Category Archives: Crop and Soil Science

Dirt: It’s under all of us!

We depend on the humble soil beneath our feet to grow the cotton in our shirts, feed the world with fruits and vegetables, and growing all the commodities necessary to make beer and whisky alike! Given the range of functions soils have on earth it’s no surprise soils themselves have very different colors, sizes, and even smells! If we look closely at soils, especially their horizons resembling layers of a cake, they can be read to ascertain how nutrients got there, how long those nutrients can last for the plants above, and what to do if an area needs to be remediated.

Great soil profile showing the burial of an old soil (reddish-grey) formed on a basalt flow. The soil surface was buried by volcanic ash ejected during the cataclysmic eruption of Mt.Mazama (Crater lake. Photo taken near Cougar Ridge, Eagle Cap Wilderness,Summer 2015.

Great soil profile showing the burial of an old soil (reddish-grey) formed on a basalt flow. The soil surface was buried by volcanic ash ejected during the cataclysmic eruption of Mt. Mazama which is now Crater lake. (Eagle Cap Wilderness, Summer 2015)

12cm is of soil is precariously protected from alpine winds by a thin gravel mulch (Summer 2015).

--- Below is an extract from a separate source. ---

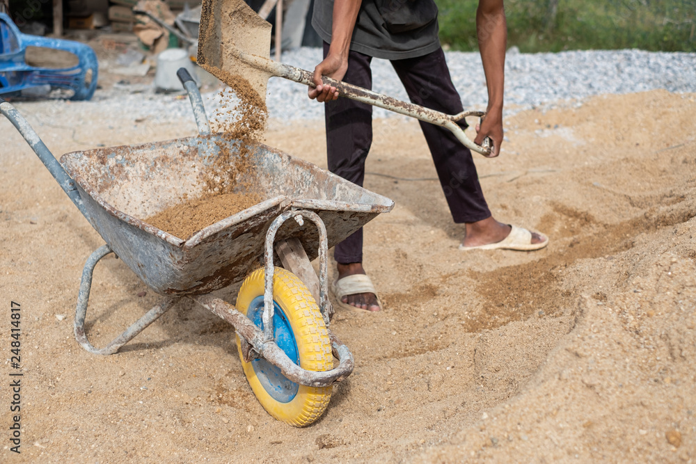 A worker use the shovel to fill the sand into the wheelborrow for construction of new house. Construction tools

12cm is of soil is precariously protected from alpine winds by a thin gravel mulch (Summer 2015).

 

 

 

 

 

 

 

 

 

Even though humans rely on soils for our health and comfort, we too often take soil for granted. But our guest reminds us exactly how essential soils are to life! Vance Almquist is a PhD student joining us from the Crops and Soil Science Department, in the College of Agricultural Sciences, and focuses on how soils develop in wildland environments, as well as how to read soils in order to understand its historical record keeping. Vance is also known as a soil pedologist, or someone who studies soil genesis, its transformations, and specializes in how to read the language of soil horizons. You might ask, ‘why do we need to know the history of a soil in order to use it?’

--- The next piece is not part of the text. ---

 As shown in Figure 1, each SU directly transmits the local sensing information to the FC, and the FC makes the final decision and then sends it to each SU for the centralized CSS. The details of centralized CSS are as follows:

Human society developed in the ‘Cradle of Civilization’, an area known as the Fertile Crescent because (as you guessed it) the soils were extraordinary fertile! To practice higher-level agriculture, early settlers built levees to block the floodwaters. But when they prevented the annual floods soils were no longer getting enough nutrients, salts started to build up, and eventually it lead to a collapse of civilizations. If only they understood the soils’ history, they would’ve know the annual floods are essential to maintaining their prosperous way of life. If we know how soils develop, and how to read them, these are the kinds of problems we can avoid in the future.

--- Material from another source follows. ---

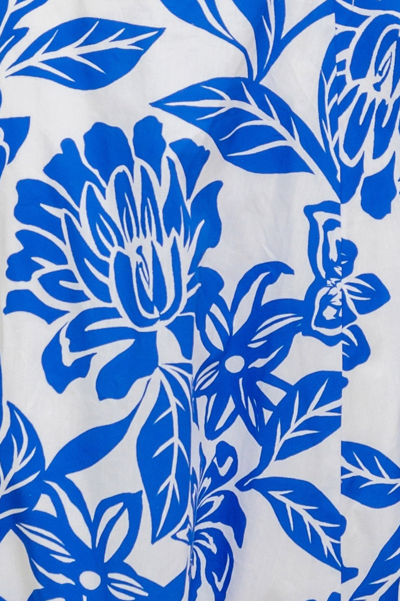A printed woven ankle dress featuring straight neckline, circle skirt, bare back with cross straps

Hiking toward China Cap in the Eagle Cap Wilderness to describe and map soils (Summer 2016)

Hiking toward China Cap in the Eagle Cap Wilderness to describe and map soils (Summer 2016)

Vance grew up in Utah and before yearning to be a soil scientist he worked at a brewery, trained dogs, and is a master forklift driver. High school was never terribly fun because nothing really challenged him, but he continued to enroll in classes at the local community college. He was really turned onto botany because he always went mushroom hunting as a kid and he saw the practical application of knowing which plants we share the world with. Then he realized how soil science was at the intersection of biology, chemistry, and physics. Here he found his calling because he also noticed how much our economy was overlooking the usefulness of soils and wanted to continue to explore this idea further in graduate school.

Not only can understanding soils avert disasters, but ranges of scientific disciplines are dependent on soils. A botanist can be interested in finding rare flowers, a hydrologist is interested in finding out how much sediment is mucking up the streams, and a meteorologist wants to know how much CO2 is released into atmosphere. Specific soil properties are needed for certain plants to grow, some soils erode faster than others, and soils can become a source, instead of a sink, of CO2 emissions! Soils are integrators of many scientific disciplines and I hope you join us to discuss this with Vance. You can tune in on Sunday November 20th at 7PM on 88.7FM or listen live here.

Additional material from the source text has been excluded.